The Selecao threatened to blow the Azzurri out of sight in Thursday’s friendly, but the Euro 2012 runners-up showed they have the togetherness and resilience to compete at the top
By Kris Voakes
So much for international friendlies being a waste of everybody’s time. Brazil and Italy served up one of the better trial matches in recent memory on Thursday in Geneva, with plenty of great football at which to marvel and a series of statements of intent coming from both sides.
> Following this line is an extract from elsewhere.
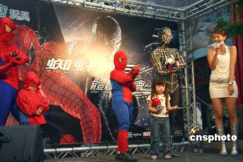 令全球影迷瞩目的“蜘蛛侠(三)”即将于五月一日热力引爆,独家引进电影版系列玩具的“孩之宝”玩具公司,在四月十五日举办“蜘蛛侠体验大会”活动。图为台北市信义威秀中庭活动现场,两位可爱的小朋友和心目中的英雄“蜘蛛侠”亲密接触。中新社发 翁阳 摄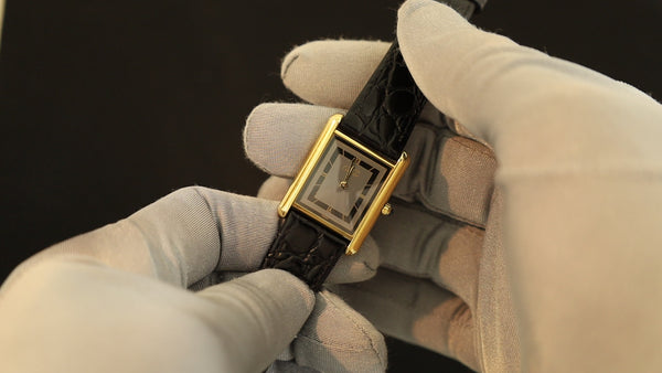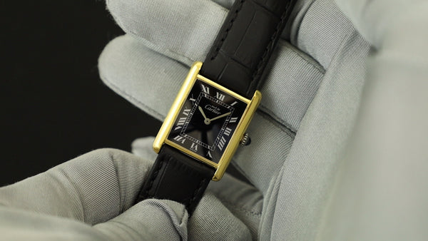 Cartier Must Tank SM Manual Winding Caliber - SV925 Leather Strap with Genuine GP Buckle, Onyx Dial, Circa 1976-Circa 1981, Overhauled

For the second time in 2013, Italy came out of a high-profile friendly having rescued a share of the spoils, but whereas against Netherlands there was a touch of fortune about the result, faced with Brazil, they showed that they are one of the world’s best team units.
Cesare Prandelli’s side had the better of the first half, but the Selecao were two goals up by the break as they made a real statement as to an ability that will always put Brazil sides in with a shout. Luiz Felipe Scolari has a lot to do to make them true World Cup hopefuls as things stand, but one thing he can certainly count on is the flair and skill level that will always be present in the national side.
Their first goal came from a fairly routine left-wing cross which Leonardo Bonucci failed to clear having been attracted to the ball, leaving Mattia De Sciglio exposed to an overlap at the far post, and Fred side-footed home unmarked. But the second goal had a lot of Brazilian magic about it. Having seen a similar move moments earlier foiled by De Sciglio’s challenge on Anderson Hernanes, the Selecao struck with an attack into space.
Neymar broke forward after an Italy attack but appeared to have nothing on to his right until he delivered an inch-perfect reverse pass to leave De Sciglio beaten, allowing Oscar to collect the ball in space and nudge a delicate shot with the outside of his boot inside Gianluigi Buffon’s near post.
The Italians had had many of the first-half chances, had dominated much of the possession, and had looked the more organised outfit, yet it was Scolari smiling thanks to the sheer ability his players have by the bucketload. They may have some work on, but the continuing emergence of talents such as Neymar and Oscar will always give Brazilians reason for hope.
But Italy themselves have so much to offer these days, and in the second half they got their due reward for a fantastic approach. Far from accepting his team’s fate, Prandelli changed things up after the break and they got themselves back into the contest.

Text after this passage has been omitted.